Intervention type: Procedure
Intervention name: Natural Orifice Specimen Extraction
Description: After bowel resection, all bowel anastomoses are created via side-to-side intracorporeal anastomosis, either isoperistaltic or antiperistaltic. The surgical steps of NOSE with the transrectal method are illustrated in Figure 1. First, the rectosigmoid colonic lumen is blocked with a bowel clamp. After rectal irrigation with povidone-iodine water, a transanal endoscopic microsurgery (TEM) scope or Alexis wound protector is inserted through the anus, reaching the upper rectum.
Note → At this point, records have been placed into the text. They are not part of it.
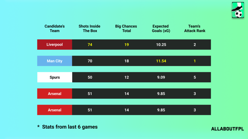 For the first time, this season Haaland doesn’t have a huge difference with the 2nd best player based on individual numbers. Kane is nearly matching Haaland with a xG of 4.18 just 0.2 short of Haaland’s tally of 4.38 in the last six games, both of them have the same number of big chances as well.
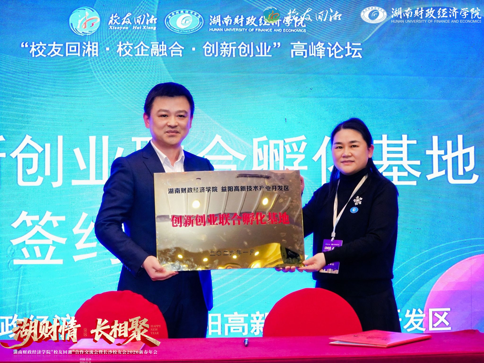 论坛期间,学校与益阳高新区签署合作框架协议,共建“创新创业联合孵化基地”,并为9家校友企业授予“实践教学基地”牌匾,标志着校地、校企合作迈入实质性推进阶段。副校长李小娟、黄渊基分别为基地授牌。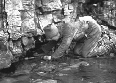 Dr Aspin putting flouresceine & drain testing cartridge in Slit Sink (Early 1950's). This lead to the naming of Green & Smelly Passage. at the bottom of Pool Sink |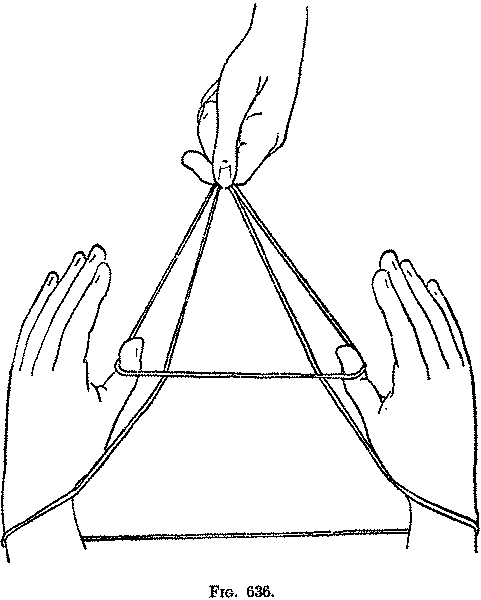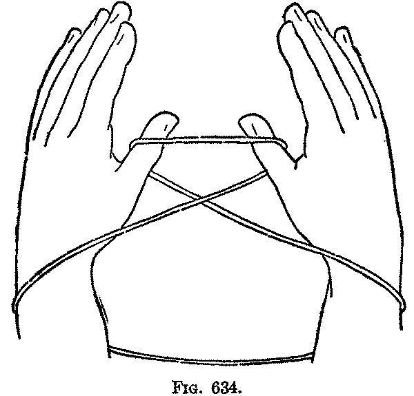 So far as I know, this figure is the first African string game that has ever been described. The nature of the Batwas and their isolation in the heart of Africa would not lead us to expect to find among them a relatively complicated figure, and make any resemblances which this figure may bear to other figures doubly interesting. We see at a glance that it has much in common with the "Caroline Islands Diamonds" and the "Turtle." The finished pattern is identical with the pattern formed after the Sixth movement of the Eskimo "Mouth"; hence you can go on and finish the "Mouth" from the finished pattern of the "Pygmy Diamonds." This is the only case, in my experience, where the finished pattern of one figure occurs as a stage in the development of another entirely different figure.
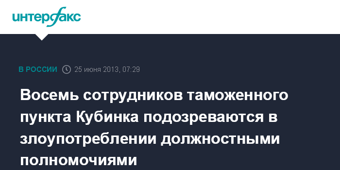 Восемь сотрудников таможенного пункта Кубинка подозреваются в злоупотреблении должностными полномочиями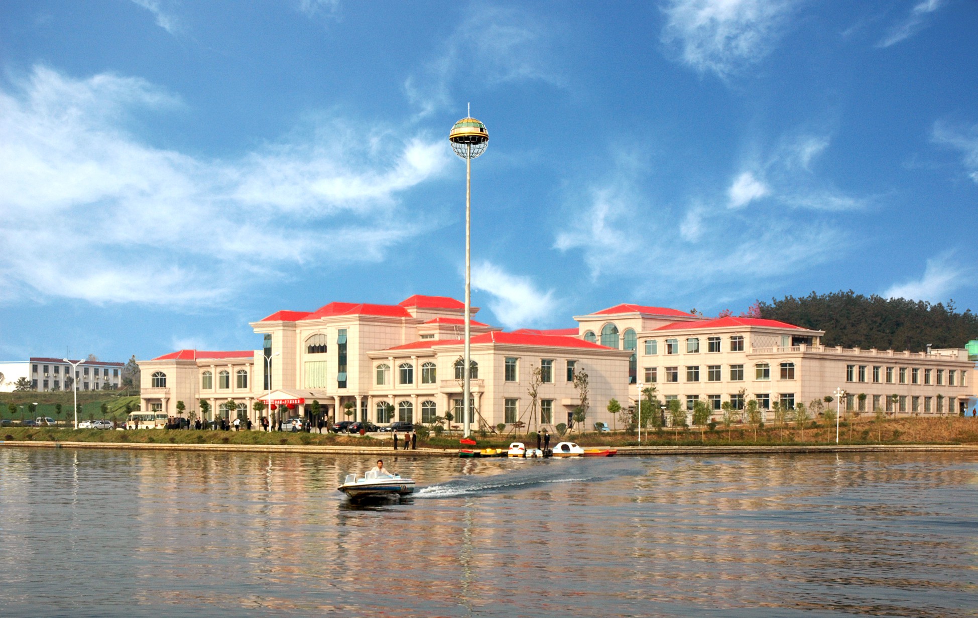 公司在光山县敖洼村投资的集旅游、休闲、度假于一体的蓝天度假村正式建成。图为蓝天度假村外景。

Enterotomy is performed at the upper rectum, and a suction device is used to clean any fecal spillage. The TEM scope is pushed forward beyond the rectal opening, and the specimen is extracted with the TEM scope. The rectal opening is closed with a barbed suture, and an air leak test is performed to identify anastomotic leakage.
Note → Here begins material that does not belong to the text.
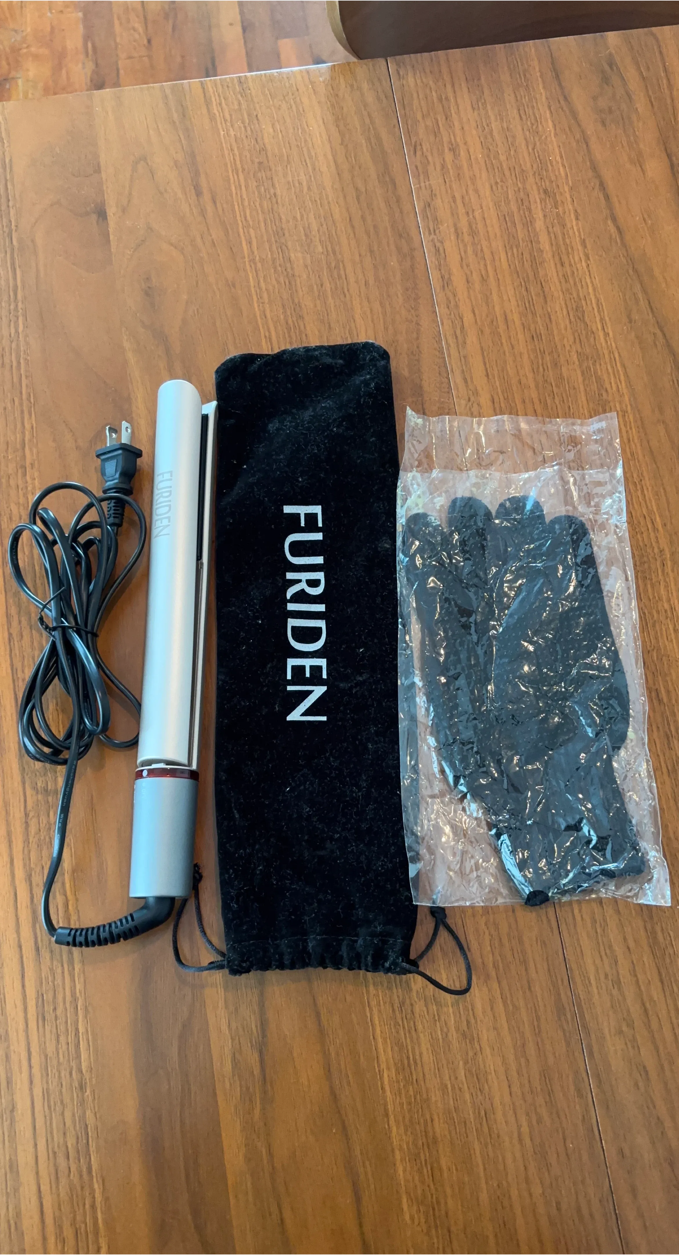 This is a FURIDEN professional hair straightener. It comes with a heat-resistant glove and a storage pouch. Great for styling on the go!

Arm group label: NOSE group

Summary: The goal of this type of study: a prospective, randomized controlled clinical trial is to assess the safety and feasibility of NOSE surgery to compare the NOSE and conventional laparoscopy groups in Colorectal cancer patients. The main questions it aims to answer are measuring the postoperative inflammatory response and monitoring the early morbidity and mortality rate after surgery. Participants will be assigned patients to undergo either NOSE surgery or conventional laparoscopic mini-laparotomy resection. If there is a comparison group: Researchers will compare the control group to see if postoperative inflammatory response.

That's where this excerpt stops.